Pekanbaru (ANTARA News) - Deputi Pemberdayaan Masyarakat Badan Narkotika Nasional (BNN) V Sambudiyono menuding pihak Kejaksaan belum serius memerangi narkoba di Indonesia, hal ini terlihat dari terus tertundanya eksekusi mati terhadap 71 terpidana gembong narkoba.
"Kami merasakan itu kontrapoduktif dengan upaya BNN memerangi narkoba," kata Sambudiyono kepada pers pada Raker Pemberdayaan Alternatif untuk Memerangi Narkoba, di Pekanbaru, Selasa.
Ia mengatakan, melaksanakan eksekusi mati terhadap terpidana merupakan kewenangan dari pihak Kejaksaan.
Berdasarkan catatan BNN, sebanyak 71 orang divonis hukuman mati, 51 narapidana di antaranya warga negara asing.
Namun, hingga kini belum ada satu pun yang dieksekusi.
"Sedangkan di dalam Lapas mereka (gembong narkoba) masih operasional dan kadang-kadang mereka jadi ATM," tegasnya.
Ia menilai lambannya penindakan hukum dari pihak Kejaksaan sudah mencederai itikad politik dari pemerintah untuk memerangi narkoba yang sudah tertuang dalam Instruksi Presiden No.39 Tahun 1999.

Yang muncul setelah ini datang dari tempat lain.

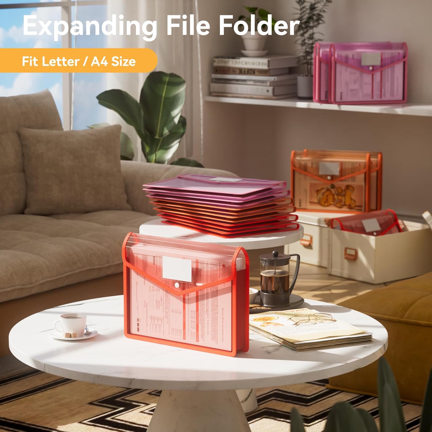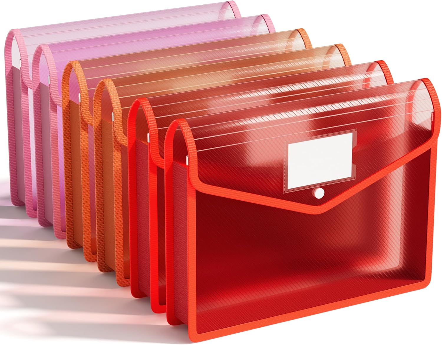 ABC life 6 Pack Plastic Expanding File Folder, Folders for Documents with Snap Closure, Colorful File Folder Organizer Holder, Transparent, Large Capacity, Fit Letter/A4 Size - Warm Pink

Di sisi lain, ketika BNN terus berupaya agar timbul kesadaran dari masyarakat untuk berani memerangi peredaran narkoba di lingkungannya, akan jadi tidak efektif tanpa didukung dengan penegakan hukum.
"Padahal, kalau dimengerti masing-masing melakukan tugas pokok dan fungsinya, otomatis akan menimbulkan sinergitas," ujarnya.
"Kenapa eksekusi mati untuk kasus terorisme cepat, tapi begitu kasus narkoba lama," lanjut Sambudiyono.
Ia mengatakan ancaman terhadap narkoba di Indonesia sudah sangat membahayakan, karena hasil penelitian BNN dengan Pusat Penelitian Kesehatan Universitas Indonesia periode 2011 menunjukkan angka prevalensi penyalahgunaan narkoba sebesar 2,2 persen atau setara dengan 3,8-4,2 juta orang.
Angka tersebut di bawah proyeksi angka prevalensi internasional, sebesar 2,32 persen dan juga naik dibandingkan angka prevalensi tahun 2008 yang mencapai 0,21 persen.